BEGIN Source data

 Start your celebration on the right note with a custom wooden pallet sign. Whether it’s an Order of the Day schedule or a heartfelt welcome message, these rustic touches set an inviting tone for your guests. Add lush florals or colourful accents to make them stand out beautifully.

END Source data
BEGIN Source data

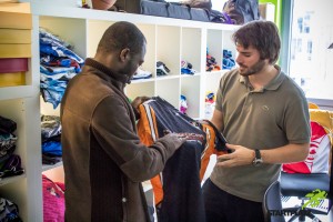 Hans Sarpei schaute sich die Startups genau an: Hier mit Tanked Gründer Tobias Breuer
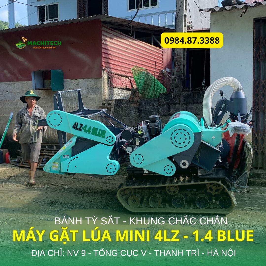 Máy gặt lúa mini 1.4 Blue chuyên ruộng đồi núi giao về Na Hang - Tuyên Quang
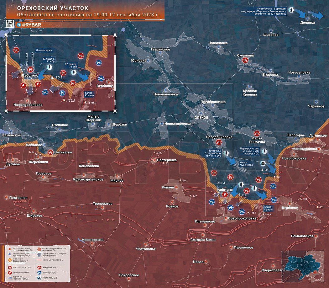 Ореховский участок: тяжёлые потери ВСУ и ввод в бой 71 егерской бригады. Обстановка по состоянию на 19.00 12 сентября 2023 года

END Source data

Problem statement:
Look above for the line with "Hans Sarpei schaute", then give again exactly every line from there through the line with "Ореховский участок: тяжёлые", skipping the pictures.

Output:
 Hans Sarpei schaute sich die Startups genau an: Hier mit Tanked Gründer Tobias Breuer
 Máy gặt lúa mini 1.4 Blue chuyên ruộng đồi núi giao về Na Hang - Tuyên Quang
 Ореховский участок: тяжёлые потери ВСУ и ввод в бой 71 егерской бригады. Обстановка по состоянию на 19.00 12 сентября 2023 года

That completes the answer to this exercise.